When host Jake Tapper interviewed former President Bill Clinton, he asked about regulation of Wall Street derivatives and the separation of banks' commercial and investment businesses. This led Clinton to bring up the repeal of the Glass-Steagall Act, which critics argue led to some of the consolidation in the financial services industry over the past decade. Clinton, though, argued that the deregulation -- championed by several Republicans and by the banking industry -- actually increased regulation: "There was already a total merger, practically, of commercial and investment banking, and really the main thing that [the repeal of] the Glass-Steagall Act did was to give us some power to regulate it." This is an unusual suggestion -- that a major deregulatory policy was in fact a move towards greater regulation -- and something that deserved greater examination.

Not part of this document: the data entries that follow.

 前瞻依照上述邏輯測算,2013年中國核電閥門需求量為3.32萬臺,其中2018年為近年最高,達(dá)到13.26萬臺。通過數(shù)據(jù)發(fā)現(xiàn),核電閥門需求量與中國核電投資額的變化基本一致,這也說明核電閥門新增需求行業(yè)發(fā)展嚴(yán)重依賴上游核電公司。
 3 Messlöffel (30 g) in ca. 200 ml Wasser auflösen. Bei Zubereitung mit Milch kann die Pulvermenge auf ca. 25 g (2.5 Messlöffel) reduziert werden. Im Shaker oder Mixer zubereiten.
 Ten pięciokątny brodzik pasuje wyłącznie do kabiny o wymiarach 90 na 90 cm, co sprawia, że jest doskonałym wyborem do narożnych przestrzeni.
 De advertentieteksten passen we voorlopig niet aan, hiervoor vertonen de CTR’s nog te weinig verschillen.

On the April 25 show, ABC pundit George Will declared his support for the construction of a wall on the U.S./Mexico border: "Build the fence, do what McCain suggests, and you'll find that the American people are not xenophobic, they are not irrational on this subject, but they do want this essential attribute of national sovereignty asserted." When pressed by panelist Cynthia Tucker about the cost of this project, Will quipped: "It's a rounding error on the GM bailout." The border fence project has been marked by delays and cost overruns; the Government Accountability Office released an evaluation last year (AP, 9/18/09) that found that it could cost $6.5 billion to maintain the fence over 20 years -- on top of the $2.4 billion spent on 600 miles of fencing so far. A 2007 report by the Congressional Research Service estimated that a 700-mile fence could cost $49 billion over 25 years (San Francisco Chronicle, 1/8/07). ABC viewers could have benefited from some sort of clarification on this point.

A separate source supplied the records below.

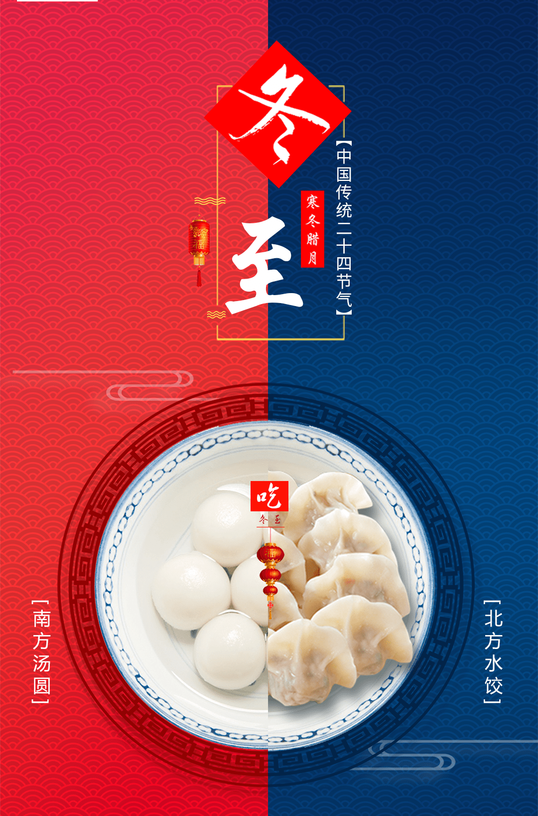 冬至习俗因地域不同存在着内容或细节上的差异。在中国北方地区,每年冬至日有吃饺子的习俗,俗话说:“冬至不端饺子碗,冻掉耳朵没人管”。在中国南方地区,有冬至祭祖、宴饮、吃汤圆等的习俗。除了节气习俗,在健康养生方面,冬至这一天同样也有着特殊的意义。
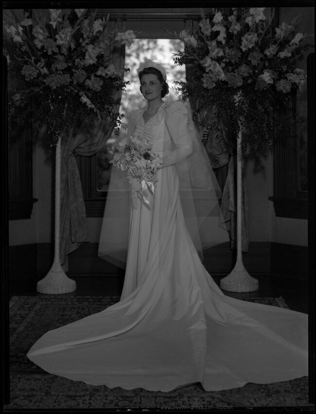 Negative, sheet film. 8 x 6 b&w. No. 6601. Wedding of Trueman Bink Schmidt and Virginia Aetzel.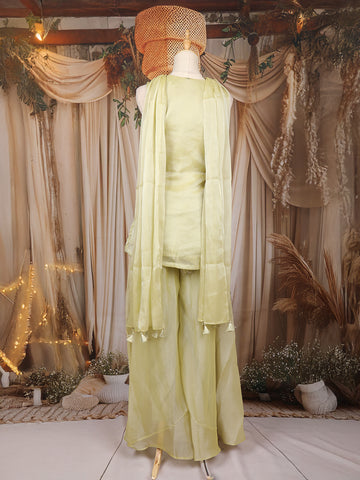 Yellow Floral Sequins Embroidered Organza Palazzo Suit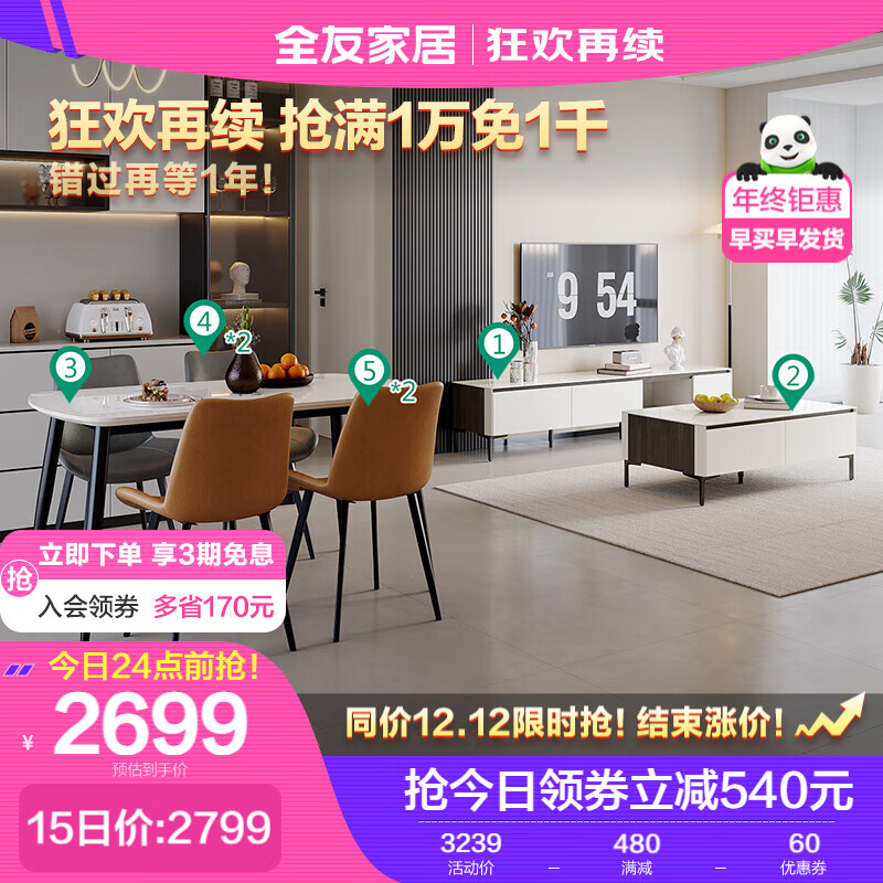 全友家居 时尚拼色客餐厅7件套装DW1181茶几电视柜一桌四椅组合家具价格:3239.00元!

It goes without saying that the ABC/PolitiFact effort could be a step in the right direction. Their network competitors have shown no interest in following ABC's lead; NBC's Meet the Press host David Gregory (Washington Post, 4/12/10) said that he was not interested: "People can fact-check Meet the Press every week on their own terms." CBS's Face the Nation host Bob Schieffer (Yahoo!News, 4/22/10) said that "everybody's welcome to fact-check us all they want," adding: "I kind of think that by the time we get around to fact-checking...we'd already be fact-checked."
Those dismissals are, at the very least, alarming. But it's little comfort that an effort that could in theory produce more rigorous fact-checking has so far offered so little.